At 30fps: ~3.9 M edges/s required for luma vertical alone, ~7.8 M
edges/s for both v and h. Realistic (many edges skip filter via
bS=0 or alpha/beta thresholds): ~30-50 % of these actually filter
→ effective ~2-4 M edges/s.
**30fps@1080p deblock floor (realistic): 2-4 M edges/s.**
**30fps@1080p deblock floor (worst case): 8 M edges/s.**
## Acceptance for Phase 7
- M1: 100.0000% bit-exact (NEON vs C ref, 10000+ random 4-row segments)
- M3: captured
- M2: captured
- R₈: classified
- M4: same-kernel mixed bench
- 30fps@1080p floor margin reported
## Cycle 8 deliverables
1. `external/ffmpeg-snapshot/libavcodec/aarch64/h264dsp_neon.S`
(already vendored this phase, 1076 lines)
2. `tests/h264_deblock_ref.c` — C reference for luma vertical
non-intra deblock (luma_v_filter_normal)
3. `tests/bench_neon_h264deblock.c` — Phase 3 bench
4. `src/v3d_h264deblock.comp` — Phase 6 shader (likely follow
cycle 2 LPF v3d shader structure, but with deblock branching)
5. `tests/bench_v3d_h264deblock.c` — Phase 6+7 bench
6. CMakeLists.txt wiring
## What's lands in THIS session
- This Phase 1 doc
- `h264dsp_neon.S` vendored (file present in repo)
- PROVENANCE.md updated
What's NOT in this session (deferred to next):
- C reference (~2 hours)
- NEON bench
- M1+M3 capture
- Phase 4-7
## Why defer Phase 3+ from this session
Cycle 8 NEON-baseline scope is materially larger than cycles 6/7
because the H.264 deblock has:
- Per-row branching (filter applies or not based on alpha/beta)
- Per-4-row-segment tc0 strength
- 4 separate output adjustments per row (p0, q0, p1, q1)
- ap/aq side-condition checks
- All these need bit-exact in the C ref against NEON's vectorised
version
Better to write the C ref with fresh attention next session than
rush it now and have it M1-fail like cycle 6's first attempt.
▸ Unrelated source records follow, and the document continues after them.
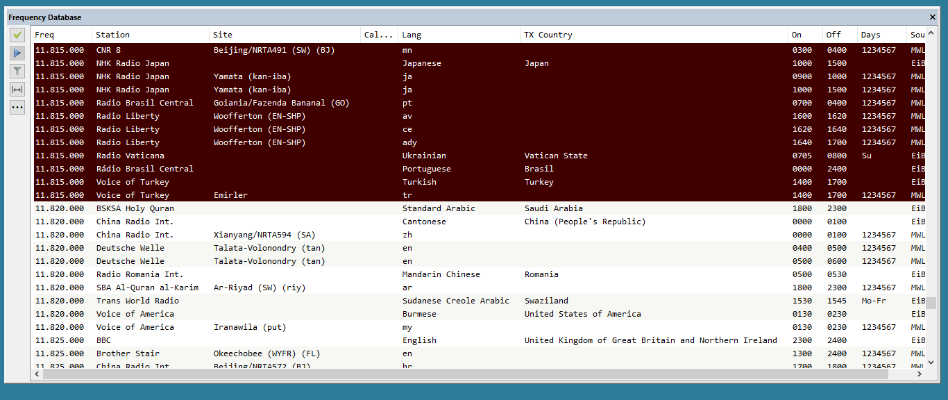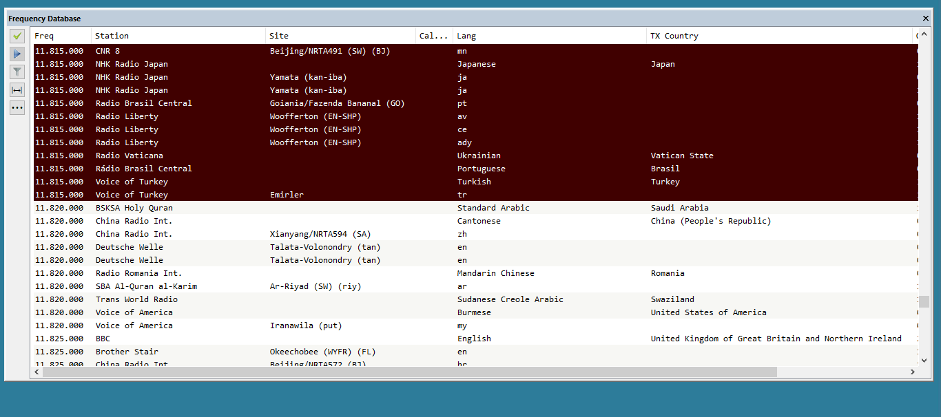 95% of the time (maybe more) does not just give you a list of possible stations, but accurately identifies the exact station, as it can (optionally) automatically filter the displayed station list for time of day (amongst a load of other excellent functions) and tracks frequency of SDRC or vice versa. Also auto-imports up to date lists from all the well-known sources without the need for manual upload, although you can manually add lists too if you wish, like Dan Ferguson's excellent SWBC combined schedules list.
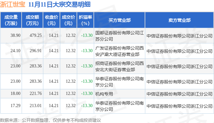 证券之星消息,11月11日浙江世宝发生大宗交易,交易数据如下:
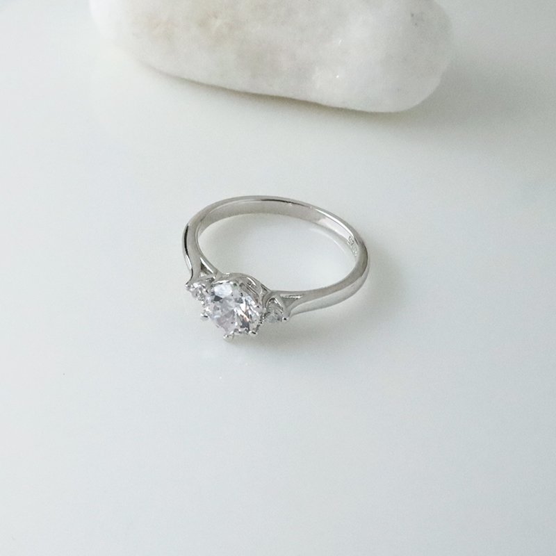 R383-D 爪鑲滾邊鑲鑽造型銀戒(#5-10)
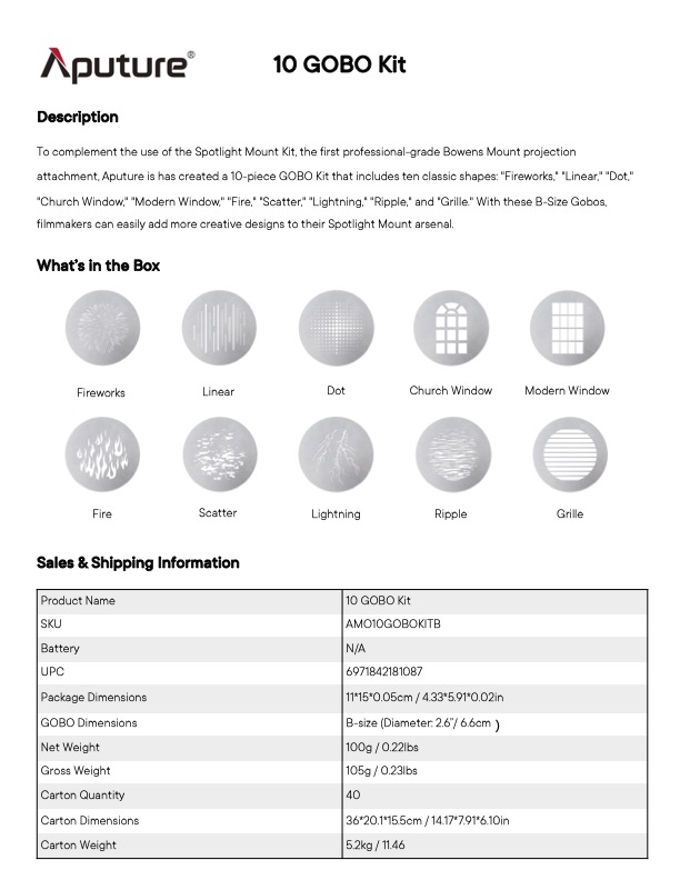 To complement the use of the Spotlight Mount Kit, the first professional-grade Bowens Mount projection attachment, Aputure has created a 10-piece GOBO Kit.
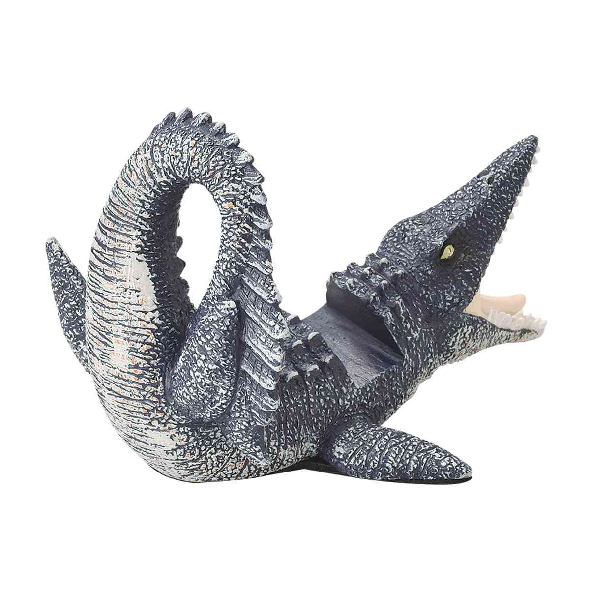 大きく口を開け、獲物を狙う瞬間を切り取ったモサザウルスのスマホスタンドです。存在感のある造形が、デスクや棚にワイルドな迫力をプラスします。
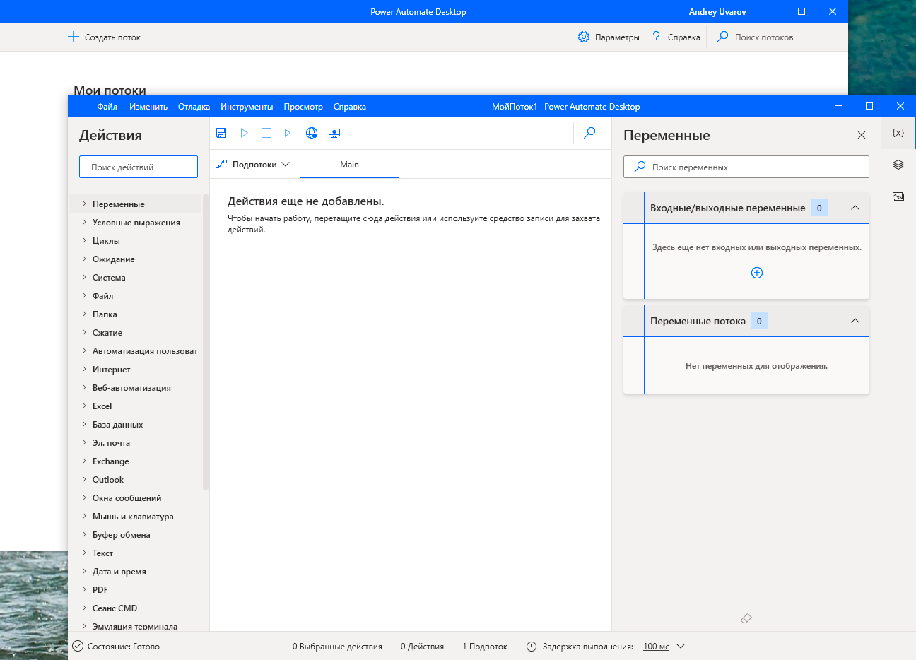 Рабочее пространство организовано достаточно просто, слева представлены доступные действия, разделенные по группам, в центре список действий потока, справа переменные. Все достаточно просто и удобно.
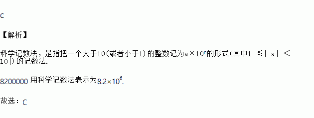 A. 8.2×105 B. 82×105 C. 8.2×106 D. 82×107
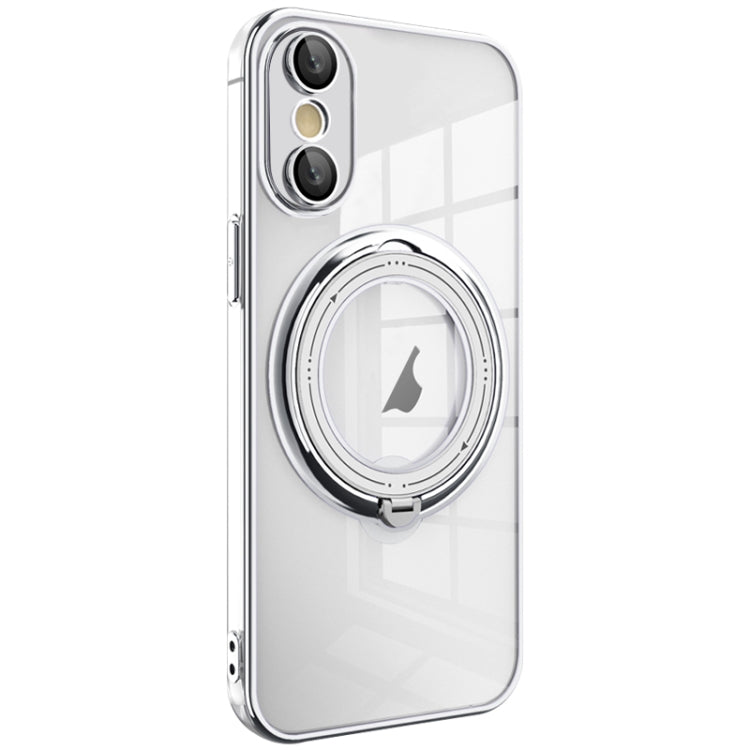 Estuche para teléfono iPhone Xs / X Galvanoplastia Magsafe Soporte Rotación 360 grados (Plata)
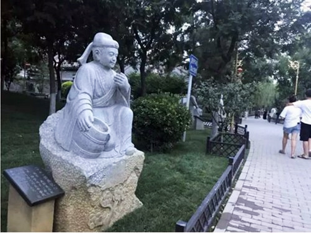 이 동상은 원나라 때 곽거경이 쓴 책 '이십사효'에 나오는 내용을 토대로 만들어진 것인데요. 이 책은 사람들에게 효 사상을 가르치기 위해 24명의 효자에 대해 쓴 것입니다. 그리고 그중의 하나는 시어머니에게 젖을 먹이는 며느리에 관한 것이었습니다. 이 며느리는 당나라 때의 이야기인데요. 가정 형편이 어려운 집안의 시어머니가 노령으로 치아가 모두 없어지자 며느리가 매일 시어머니의 건강을 위해 젖을 먹인다는 내용이었습니다.
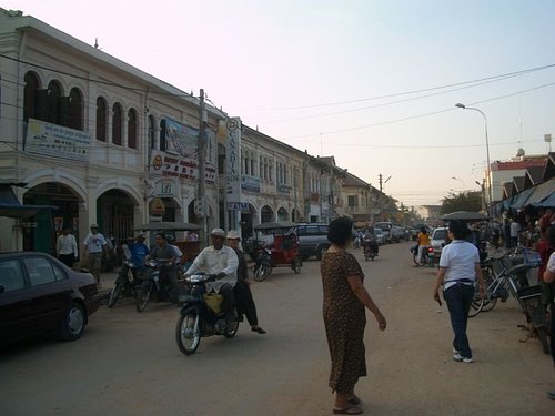 這裡算是柬埔寨的閙區,不過只有大馬路有鋪柏油,這邊郤沒有,不知是不是在整修,可以看到很多背包客都在街上晃來晃去,街道上一邊是有裝潢的店面,一邊是搭棚子像菜市場的攤位.很妙.
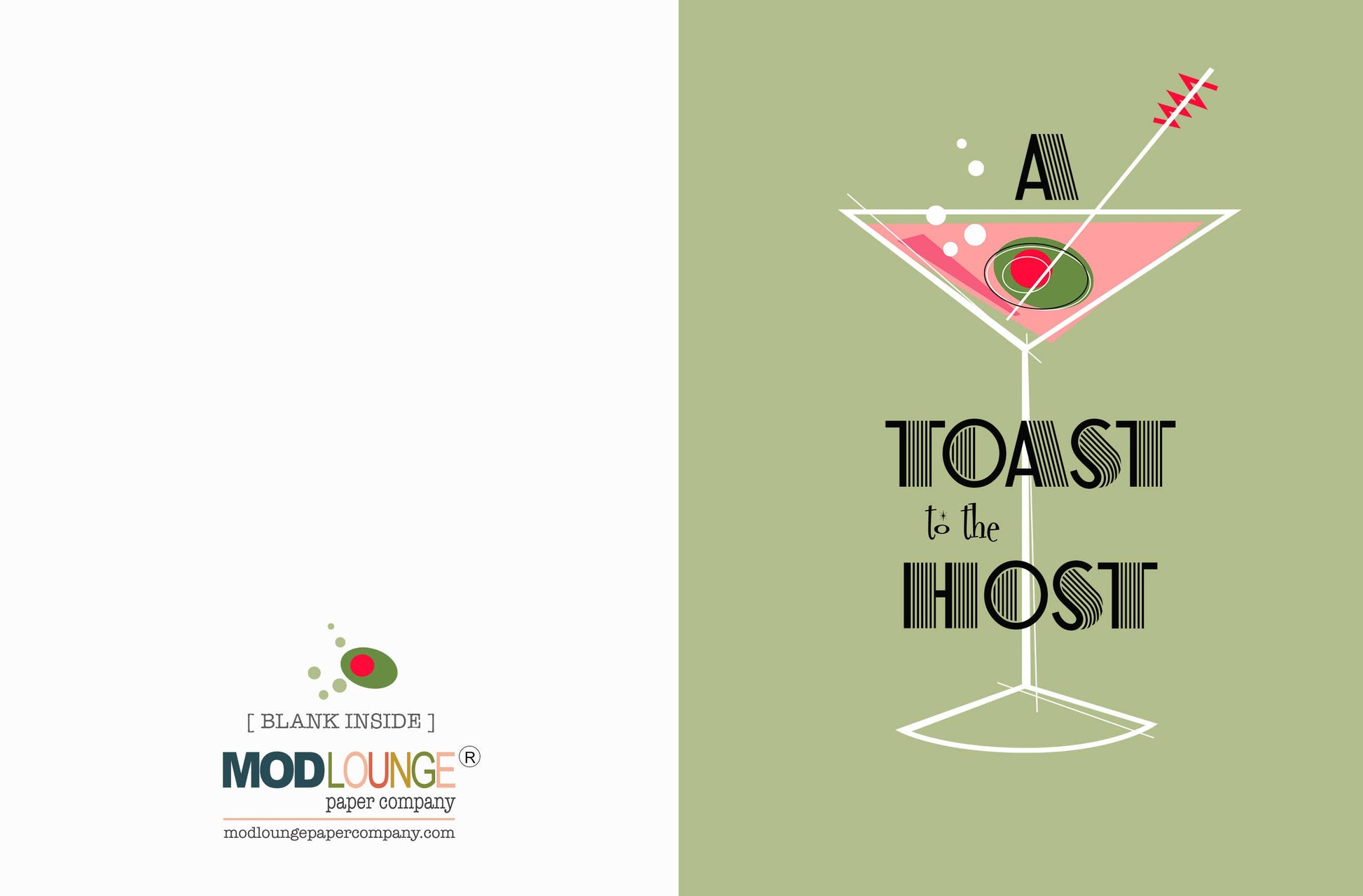 A Toast to the Host Mid Century Modern Martini & Olive Card - Mod Lounge Paper Company
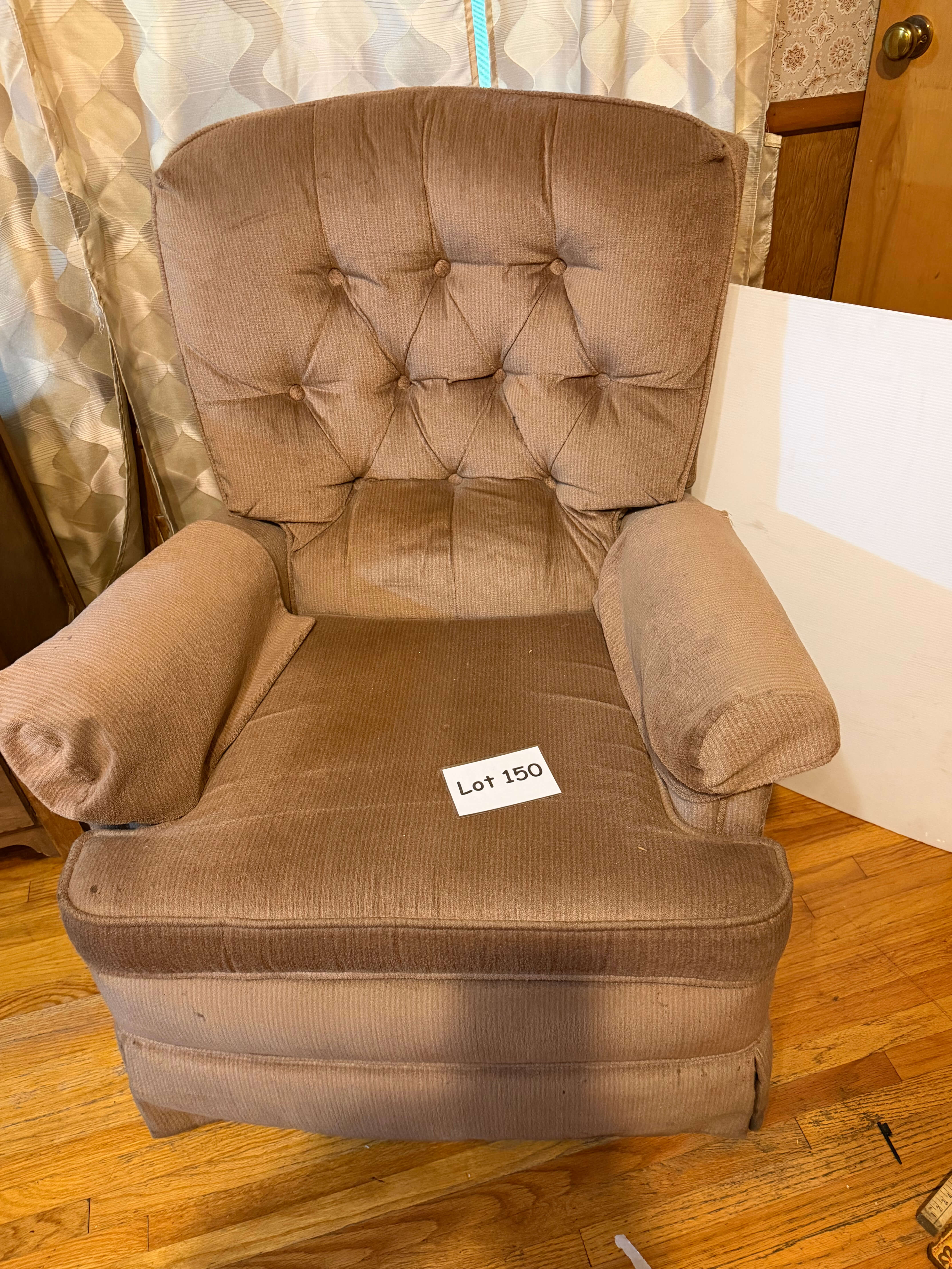 Swivel Rocker/Recliner, 31"w x 36"d x 38"h. Needs gentle cleaning.
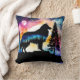 Collie auf der Bergspitze auf dem farbenprächtigen Kissen
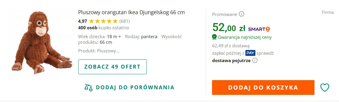 Jeżeli jednak ktoś ze Stanów Zjednoczonych nie chce tyle czekać, to jego druga najlepsza opcja to eBay, gdzie Ikea Djungelskog można kupić za 99 dol. (ok. 355 zł), czyli pięć razy drożej niż w Ikei. Jednak cena pluszaka zmienia się dynamicznie i na eBayu można znaleźć Oran-mamy, za które sprzedający życzy sobie ponad 300 dol.
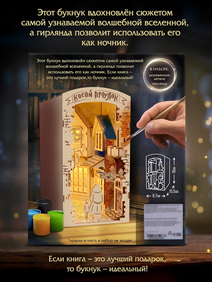 Конструктор для создания ночника из дерева станет не только стильным элементом декора, но и практичным аксессуаром для вашей комнаты. Этот набор объединяет в себе два функциональных решения: лампу ночного освещения и подставку-разделитель для книг. Отличный выбор для тех, кто ценит уют и порядок.
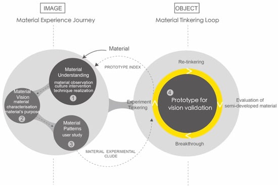 Karana et al. (2015) published “Material Driven Design (MDD): A Method to Design for Material Experiences” to establish a record of designers’ designs and experiences with materials at hand and understand how a material behaves under different circumstances or reacts to different techniques or manufacturing processes, the interpretation of materials, and design behaviours driven by materials, with the purpose of guiding the development of materials []. The MDD method emphasises the designer’s process, which moves from the tangible to the abstract and then back to the tangible, in addition to the journey of a material from the final design stage back to hands-on experimentations, material priming, and prototyping []. The method comprises the four following steps: (1) understanding the material (i.e., technical and experimental characterisation); (2) creating a visual experience of the materials; (3) manifesting material experience patterns; and (4) designing material/product concepts. The MDD method also emphasises how the potential properties of a material can guide specific forms of manipulation [], such as material tinkering, participants documenting the material-making process to build knowledge on material tinkering, and collaborations between material stakeholders [,,,,,]. By reviewing their understanding of the continuity among the design, timing of use, and structure of the materials, researchers can introduce new steps or a material taxonomy to analyse material growth environments, compositions, processing, and structures and thereby produce new findings related to the role of materials and the experiences of users. Consequently, the MDD method allows for the development of derivative forms, functions, and experiences of materials that are not yet fully developed []. Relevant examples include materials made from recycled waste (e.g., mussel shells) [], 3D textiles and printing [], organic biomass materials (fungus filament) [,], smart materials that require further development [], and the development of artificial textiles made from plant roots [].
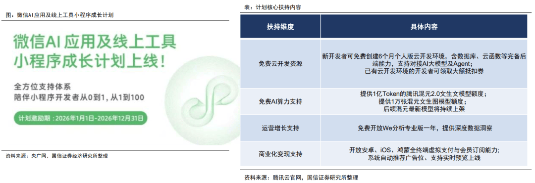 此外,腾讯还推出“AI应用及线上工具小程序成长计划”,提供云开发资源、AI算力、数据分析、广告变现及流量激励等全方位支持,覆盖2026年全年,全周期陪伴开发者成长。
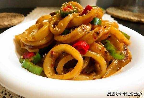 实践1.冷却好的鱿鱼筒内外洗净,撕掉表面的红皮和里面的黑膜,切成环状,用开水煮十多秒出水,捞出、淋浴,用冷水浸泡几分钟,沥干备用;
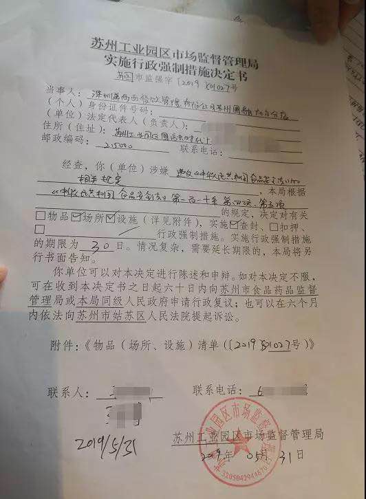北青报记者在苏州工业园区市场监督管理局开具的《实施行政强制措施决定书》中看到,该店涉嫌违反《中华人民共和国食品安全法》的相关规定,该局对店铺和设施实施了查封,期限为30天。

The Phase 1 doc itself captures the analysis so next session can
pick up cleanly from here.
## Estimated effort for Phase 3 next session
- C ref: ~2 hours (careful transcription from spec + cross-check
against FFmpeg C reference)
- Bench: ~30 min
- M1 debugging (likely needed; cycle 6 took 90 min for column-
major-block discovery, similar discoveries may apply here): 30-90 min
- M3 capture: 5 min
Total: 3-4 hours for Phase 3 closure.
## Linkage with cycles 6+7 closure
Cycles 6 + 7 + 8 together form the H.264 NEON inventory and the
single-most-promising-QPU-target (cycle 8). After cycle 8 closes,
the H.264 QPU surface area is well-characterised:
- IDCT 4×4: CPU
- IDCT 8×8: CPU
- Deblock: TBD (cycle 8)
- MC luma qpel: CPU (predicted; cycle 9 if measured)
- MC chroma: CPU (predicted; cycle 10 if measured)
H.264 contribution to daedalus-fourier likely: CPU for transforms
and MC, QPU for deblock IF cycle 8 lands GREEN.